I don't have the time in my life to run a group buy right now, but I would definitely jump in to pick up some zens.


----------



## Silverado (May 24, 2012)

I would also jump in on a Group Buy.


----------



## HoratioHornblower (May 24, 2012)

I would jump in, I am about to buy about 10 rollerballs in the next month or sooner.

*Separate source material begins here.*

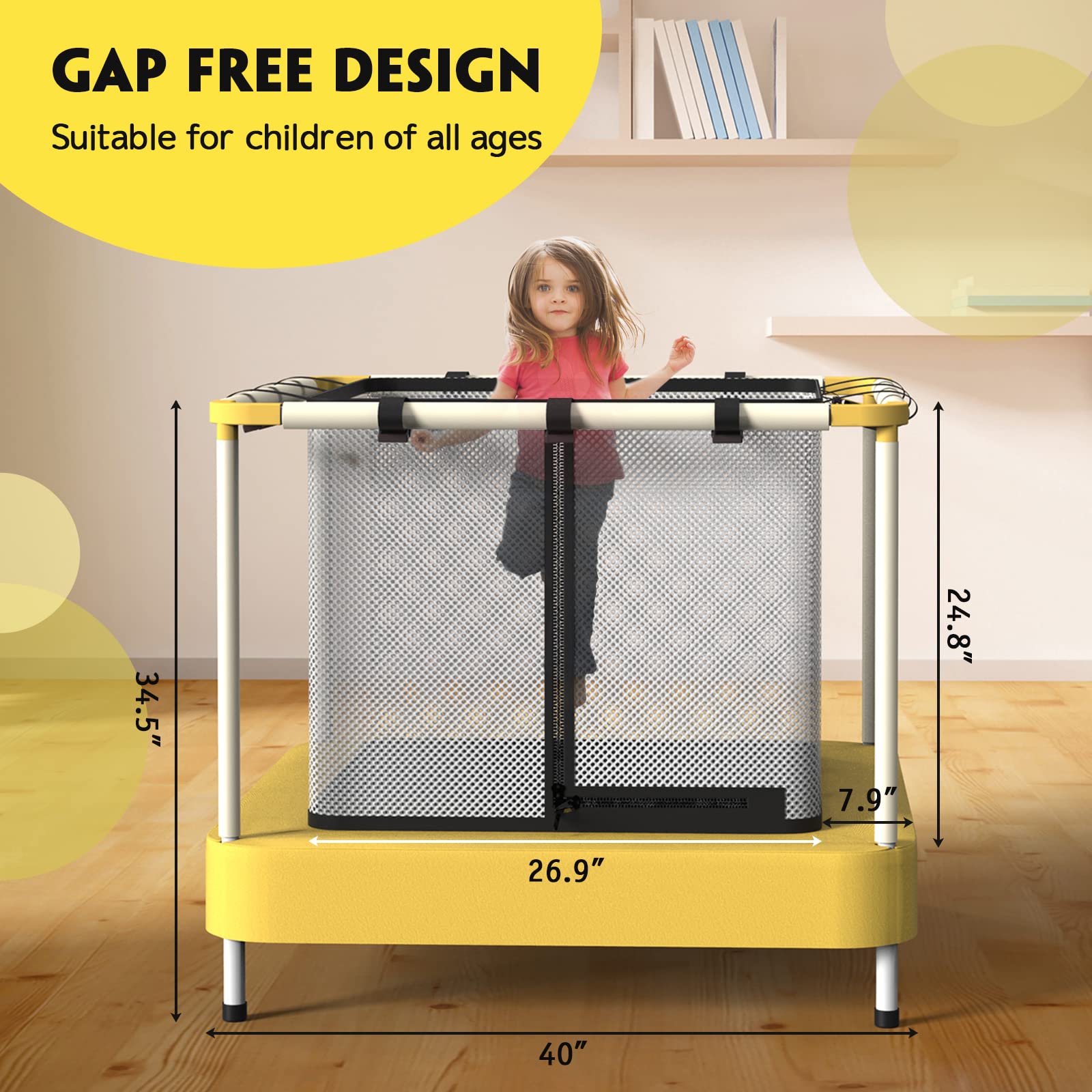 - 【Easy to Assemble】The small indoor trampoline from box to fully assembled is in less than 10 minutes. 40'' modest size make it suitable for indoor and outdoor use, game changer for kids to stay away from mobile games

I might buy more if there was a group buy!  David


----------



## aweiss44 (Jun 7, 2012)

sbell111 said:


> I don't have the time in my life to run a group buy right now, but I would definitely jump in


 
+1:good:


----------



## marshall (Jun 7, 2012)

I too would jump in on this buy!!!


----------



## angelofdeath (Jun 8, 2012)

I would also get in on a group buy here...


----------



## lion6255 (Jun 8, 2012)

I'm always late to find the group buys when they coem up but I really interested.


----------



## qballizhere (Jun 8, 2012)

I can look into it in a week or two if no one does one.


----------



## longbeard (Jun 8, 2012)

A week or so would be great Roger if you do this.


----------



## HoratioHornblower (Jun 8, 2012)

A week or two would be great! I am looking into buying soon, but I will wait a bit longer if we do this! I will be buying 11-12 RB.

David


----------



## jeweler53 (Jun 11, 2012)

I would probably a dozen or so to the buy.

Dick


----------



## Chatham PenWorks (Jun 16, 2012)

I'd be in. I could use a little more Zen in my life.


----------



## DHappold (Jun 16, 2012)

I could go for some Zens also


----------



## Silverado (Jun 17, 2012)

Please count me in if this fly's

Thanks,
Tim


----------



## Kaspar (Jun 18, 2012)

I could use three or four statesman kits.  Maybe a junior or two.


----------



## HoratioHornblower (Jun 19, 2012)

I will have to order soon, so if someone wants to do this I will wait, but I can't wait too much longer. I would be in for 9-15 rollerballs. I can wait for about a week.


----------



## Culprit (Jun 21, 2012)

I will most likely jump in on a group buy if someone puts one together.


----------



## Monty (Jun 21, 2012)

*Just a heads up*

Looks like there may be one sometime next week. Someone contacted me ( I won't say who just yet) about running one and in their PM to me this morning they said they would be checking on availability of kits between now and the first of next week.
So STAY TUNED TO THIS CHANEL.


----------



## jeweler53 (Jun 22, 2012)

I am pretty sure there will be a group buy soon. Stay tuned!!!


----------



## Monty (Jun 25, 2012)

Dick Box, jeweler53, has graciously volunteered to run the GB from CSUSA. You can find that thread here. 
I will now close this thread so there will be no confusion about which thread to use.


----------